**Problem statement:** Filter the listing and keep only the lines with the word "when".

**Given entries:**
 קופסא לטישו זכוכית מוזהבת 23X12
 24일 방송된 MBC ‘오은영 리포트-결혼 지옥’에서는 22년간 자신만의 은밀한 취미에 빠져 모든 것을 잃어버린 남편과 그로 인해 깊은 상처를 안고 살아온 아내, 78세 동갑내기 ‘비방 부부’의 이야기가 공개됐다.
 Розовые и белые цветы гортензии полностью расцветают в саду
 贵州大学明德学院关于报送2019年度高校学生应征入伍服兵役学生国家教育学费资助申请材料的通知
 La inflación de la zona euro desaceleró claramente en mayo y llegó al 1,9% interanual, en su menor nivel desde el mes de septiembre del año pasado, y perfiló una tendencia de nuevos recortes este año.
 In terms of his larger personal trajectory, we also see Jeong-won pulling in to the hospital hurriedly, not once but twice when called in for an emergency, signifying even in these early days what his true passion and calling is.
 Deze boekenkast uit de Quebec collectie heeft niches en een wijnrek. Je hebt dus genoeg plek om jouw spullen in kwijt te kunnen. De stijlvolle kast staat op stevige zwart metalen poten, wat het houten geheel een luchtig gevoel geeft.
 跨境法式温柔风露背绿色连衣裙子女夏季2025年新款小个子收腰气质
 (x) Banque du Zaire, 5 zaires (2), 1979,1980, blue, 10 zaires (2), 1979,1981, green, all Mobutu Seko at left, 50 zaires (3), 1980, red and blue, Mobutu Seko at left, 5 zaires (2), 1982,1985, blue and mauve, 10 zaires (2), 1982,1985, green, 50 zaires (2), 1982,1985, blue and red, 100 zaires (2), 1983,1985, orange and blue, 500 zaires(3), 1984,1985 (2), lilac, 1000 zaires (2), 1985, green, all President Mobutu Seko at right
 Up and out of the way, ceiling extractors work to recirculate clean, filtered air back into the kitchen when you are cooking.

**Result below:**
 In terms of his larger personal trajectory, we also see Jeong-won pulling in to the hospital hurriedly, not once but twice when called in for an emergency, signifying even in these early days what his true passion and calling is.
 Up and out of the way, ceiling extractors work to recirculate clean, filtered air back into the kitchen when you are cooking.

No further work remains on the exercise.